Step 7: Finish with brightness and serve
Remove the bay leaf. Stir in 1 tbsp apple cider vinegar (or lemon juice) to brighten and balance the paprika-rich broth. Taste and adjust salt and pepper as needed.
Ladle into bowls with plenty of potatoes and broth. Sprinkle with 2 tbsp chopped parsley and serve with a spoonful of sour cream if you like a creamy contrast.
Pro Tips
- Don’t rush the browning: those golden bits on the bottom of the pot become the stew’s backbone once you deglaze with broth.
- Protect the paprika: taking the pot off the heat before adding paprika helps prevent scorching, which can make it taste bitter.
- Keep the simmer gentle: a low simmer keeps the chicken tender and helps the potatoes hold their shape.
- Choose the right potatoes: Yukon Golds stay creamy and tender without turning grainy.
- Adjust thickness to your taste: simmer uncovered at the end for a thicker stew, or add a splash of broth for a soupier bowl.
Variations
- Extra-veg version: add 2 sliced carrots (about 200 g) with the onions, or stir in 2 cups baby spinach during the last 2 minutes of cooking.

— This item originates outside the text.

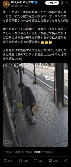 たしかにヤベー奴はヤベー行動するけど客商売でそれをSNSに晒すのも充分ヤベーよね

- Creamy paprika stew: off heat, stir in 1/3 cup (80 ml) sour cream at the very end (temper it with a spoonful of hot broth first to prevent curdling).
- Little more heat (still balanced): add 1/8 to 1/4 tsp cayenne or a pinch of red pepper flakes with the paprika.
Storage & Make-Ahead
Cool leftovers to room temperature for no more than 2 hours, then refrigerate in an airtight container for up to 4 days. Reheat gently on the stovetop over medium-low heat until the chicken and potatoes are hot throughout (add a splash of broth or water if it thickened in the fridge). This stew also freezes well for up to 3 months; thaw overnight in the refrigerator before reheating. For make-ahead prep, you can slice the onion and peel/cut the potatoes up to 12 hours in advance (store potatoes submerged in cold water in the fridge; drain and pat dry before using).
Nutrition (per serving)
Approximate values (based on 6 servings): 450 calories, 28 g protein, 24 g fat, 30 g carbohydrates, 3 g fiber, 2 g sugar, 780 mg sodium.